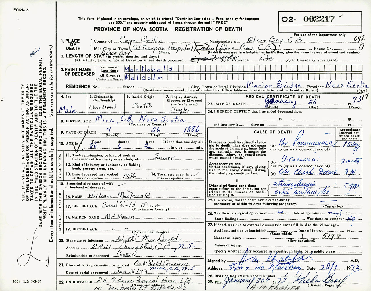 Male Death Registration: Year: 1973 number: 2217
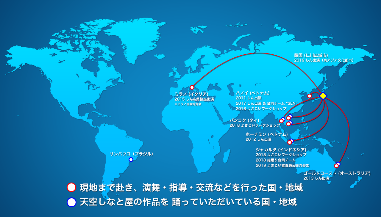 天空しなと屋は、海外でのよさこいの広がりを積極的に支援しています。
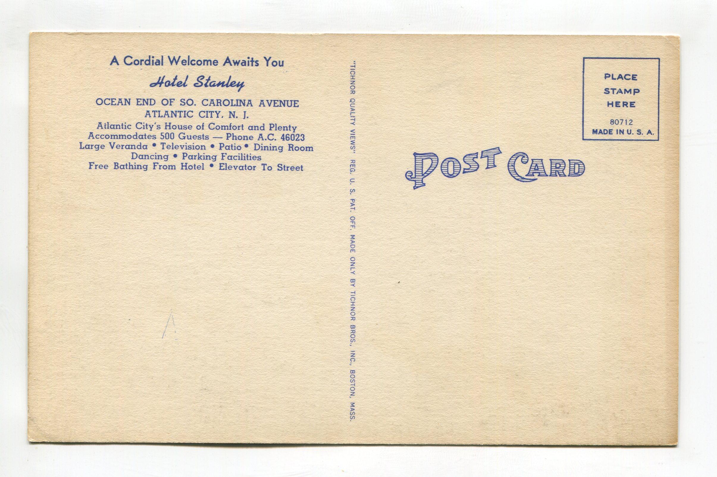 Hotel Stanley Ocean End of South Carolina Avenue Atlantic City New Jersey postcard
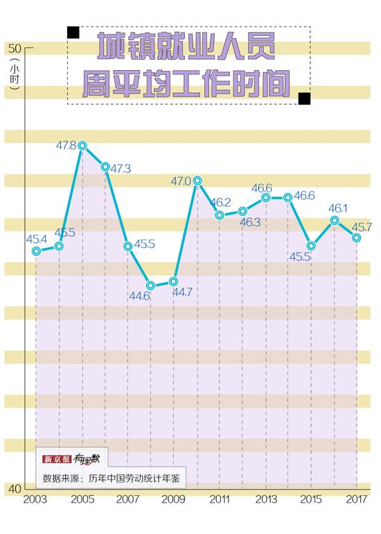 但事实上,我们都“违法”了。梳理历年《中国劳动统计年鉴》可以发现,近十几年来,中国城镇就业人员周平均工作时间,没有一年是低于 44 小时上限的。
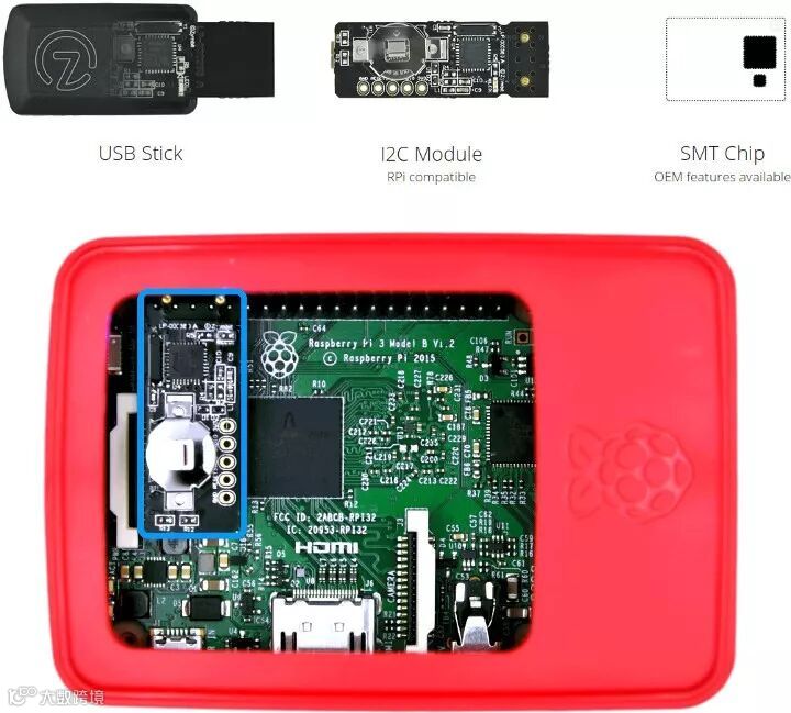 今天我们照顾一下普通的电子爱好者,所以带来了一款为树莓派设计的硬件加密模块。它同样也是基于ATECC508A密码认证芯片,由Zymbit提供解决方案。对于树莓派,有3种Zymkey产品,分别是基于USB、I2C和贴片模块。(注:USB版是老产品,已经停产)
========================================================================
Exercise description - Write out the whole listing exactly as it appears, and omit the pictures.

Written response -
 Male Death Registration: Year: 1973 number: 2217
 天空しなと屋は、海外でのよさこいの広がりを積極的に支援しています。
 Hotel Stanley Ocean End of South Carolina Avenue Atlantic City New Jersey postcard
 但事实上,我们都“违法”了。梳理历年《中国劳动统计年鉴》可以发现,近十几年来,中国城镇就业人员周平均工作时间,没有一年是低于 44 小时上限的。
 今天我们照顾一下普通的电子爱好者,所以带来了一款为树莓派设计的硬件加密模块。它同样也是基于ATECC508A密码认证芯片,由Zymbit提供解决方案。对于树莓派,有3种Zymkey产品,分别是基于USB、I2C和贴片模块。(注:USB版是老产品,已经停产)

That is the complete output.